ADR-0239superseded

Headless user-domain boot bridge for critical launchd services

2026-04-12T00:00:00.000Z

> Superseded on 2026-04-12 by ADR-0240 — Boot-safe LaunchDaemons for critical host services. > > Why: the installed bridge never earned the reboot path on Panda. The system daemon ran, but launchctl bootstrap user/501 <plist> kept failing with Input/output error, so the bridge could not reliably restore the critical services after headless boot.

Context

A post-reboot failure left Panda in a headless state: the machine was up, the user/$UID launchd domain existed, but the Aqua gui/$UID domain did not. Critical services that had only been managed as GUI LaunchAgents never came back:

com.joel.colima
com.joel.k8s-reboot-heal
com.joel.agent-secrets
com.joel.system-bus-worker
com.joel.gateway
com.joel.typesense-portforward
com.joelclaw.agent-mail

The recovery required manual nohup starts just to get the system back on its feet. That is not earned infrastructure.

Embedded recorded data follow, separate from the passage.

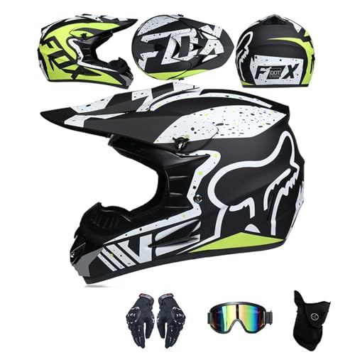 Gmuret Professionell motocrosshjälm för barn vuxna, motocross Dirt Bike Offroad motorcykelhjälm set med skyddsglasögon handskar ridmask
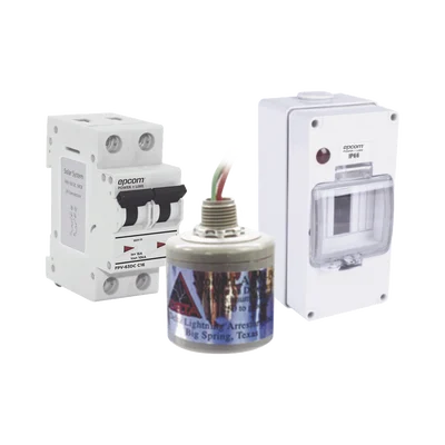 Kit de Centro de Carga Para Corriente Directa, Breaker de hasta 800 Vcc de 16 A con Supresor de Descargas Atmosféricas.
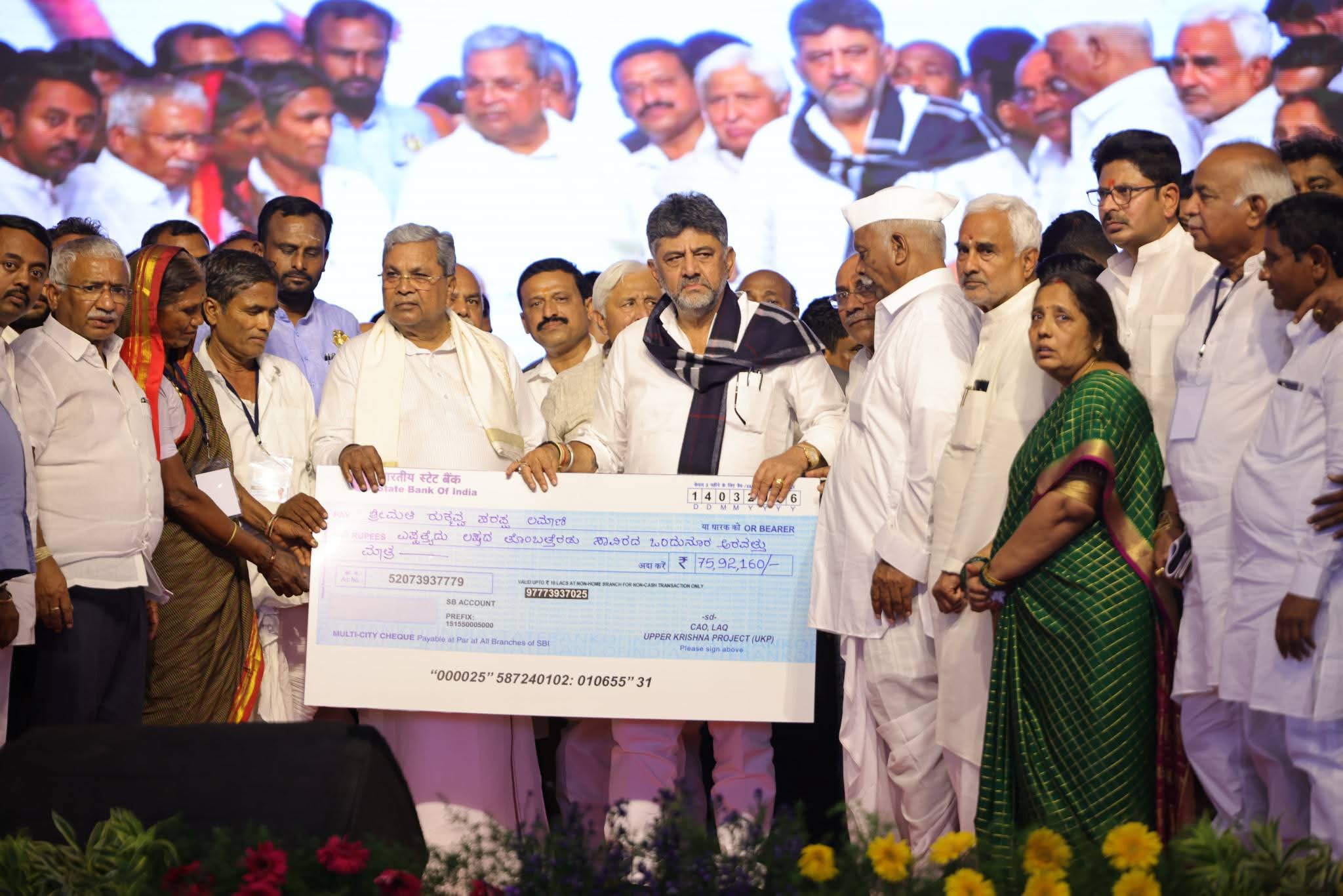 ಕೃಷ್ಣಾ ಮೇಲ್ದಂಡೆ ಯೋಜನೆ: ಸಂತ್ರಸ್ತರಿಗೆ ಪರಿಹಾರ ಚೆಕ್

The reboot also exposed two configuration drifts:

the repo-tracked Colima launchd asset still declared 4 CPU / 8 GiB / 60 GiB instead of the stable 8 / 16 / 100 profile.
several important launchd assets (gateway, typesense-portforward, agent-mail) still lived as hand-edited files under ~/Library/LaunchAgents instead of repo-tracked sources in infra/launchd/.

Decision

Adopt a headless boot bridge:

Canonical launchd assets live in the repo under infra/launchd/, including newly tracked plists for:
- com.joel.gateway
- com.joel.typesense-portforward
- com.joelclaw.agent-mail
Add a system LaunchDaemon asset: infra/launchd/com.joel.headless-bootstrap.plist.
That LaunchDaemon runs infra/headless-bootstrap.sh as root on boot and every 60 seconds.
The script detects whether gui/$UID exists:
- if GUI is absent: bootstrap the critical repo-managed launch agents into user/$UID
- if GUI is present again: boot out the temporary user/$UID copies so normal GUI ownership can resume without duplicate processes
Add infra/install-headless-bootstrap.sh as the canonical installer:
- symlink critical user launch agents from ~/Library/LaunchAgents/ back to repo sources
- install the system LaunchDaemon to /Library/LaunchDaemons/
- bootstrap and kickstart the system bridge
Correct the repo-tracked Colima launchd asset to the stable runtime profile: 8 CPU / 16 GiB / 100 GiB.

Why this

Survives headless reboots — boot no longer depends on Aqua login just to restore the core control plane.
No shadow plist drift — launchd assets become git-tracked truth, not hand-edited local snowflakes.
Minimal change to service code — keep existing launchd-managed services; add a domain bridge instead of rewriting every runtime.
Clean handoff when GUI returns — the bridge is temporary ownership, not a permanent duplicate runtime.

Consequences

Positive

Core services recover automatically after reboot even when no GUI session exists.
Colima boot no longer regresses to the stale undersized profile from the repo asset.
Gateway, agent-mail, and Typesense port-forward become canonical repo-managed launchd assets.

Negative

The bridge installer requires root once (sudo infra/install-headless-bootstrap.sh).
Critical services now have a cross-domain handoff path that must stay documented and tested.
CLI/ops commands that assume gui/$UID still need gradual cleanup to become fully domain-aware.

Implementation notes

Repo assets landed in the reboot-hardening session:

infra/launchd/com.joel.gateway.plist
infra/launchd/com.joel.typesense-portforward.plist
infra/launchd/com.joelclaw.agent-mail.plist
infra/launchd/com.joel.headless-bootstrap.plist
infra/headless-bootstrap.sh
infra/install-headless-bootstrap.sh
infra/launchd/com.joel.colima.plist updated to 8 / 16 / 100

Follow-up

Make CLI launchd management domain-aware (gui/$UID vs user/$UID) for gateway, worker, Talon, and secrets surfaces.
Add a deterministic smoke test for the headless bridge install path.
Extend the daily steering repair work to agent-mail search reliability, which was independently degraded during the same recovery window.